* _Goal of the exercise_:
Find the line containing "items as favorites" in the listing below. Repeat it exactly, along with each following line up to and including the one containing "在平面的画纸上,造出立体的事".

====== Data provided ======

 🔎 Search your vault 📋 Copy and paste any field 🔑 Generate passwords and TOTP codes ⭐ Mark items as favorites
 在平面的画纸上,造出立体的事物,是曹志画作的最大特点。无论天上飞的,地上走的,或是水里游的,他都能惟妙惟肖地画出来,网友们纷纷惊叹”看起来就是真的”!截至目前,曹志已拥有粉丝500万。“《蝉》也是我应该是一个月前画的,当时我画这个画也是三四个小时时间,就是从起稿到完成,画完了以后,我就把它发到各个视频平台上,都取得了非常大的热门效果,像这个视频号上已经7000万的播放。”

======
====== Data provided ======

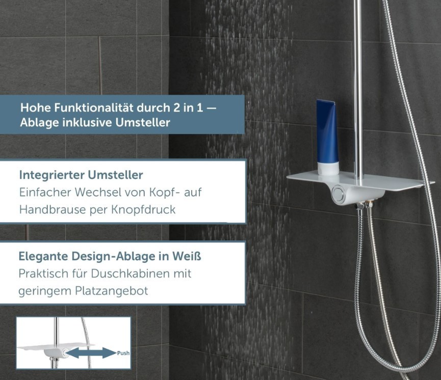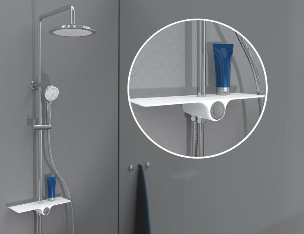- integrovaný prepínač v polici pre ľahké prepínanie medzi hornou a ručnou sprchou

======

* _Response_:
 🔎 Search your vault 📋 Copy and paste any field 🔑 Generate passwords and TOTP codes ⭐ Mark items as favorites
 在平面的画纸上,造出立体的事物,是曹志画作的最大特点。无论天上飞的,地上走的,或是水里游的,他都能惟妙惟肖地画出来,网友们纷纷惊叹”看起来就是真的”!截至目前,曹志已拥有粉丝500万。“《蝉》也是我应该是一个月前画的,当时我画这个画也是三四个小时时间,就是从起稿到完成,画完了以后,我就把它发到各个视频平台上,都取得了非常大的热门效果,像这个视频号上已经7000万的播放。”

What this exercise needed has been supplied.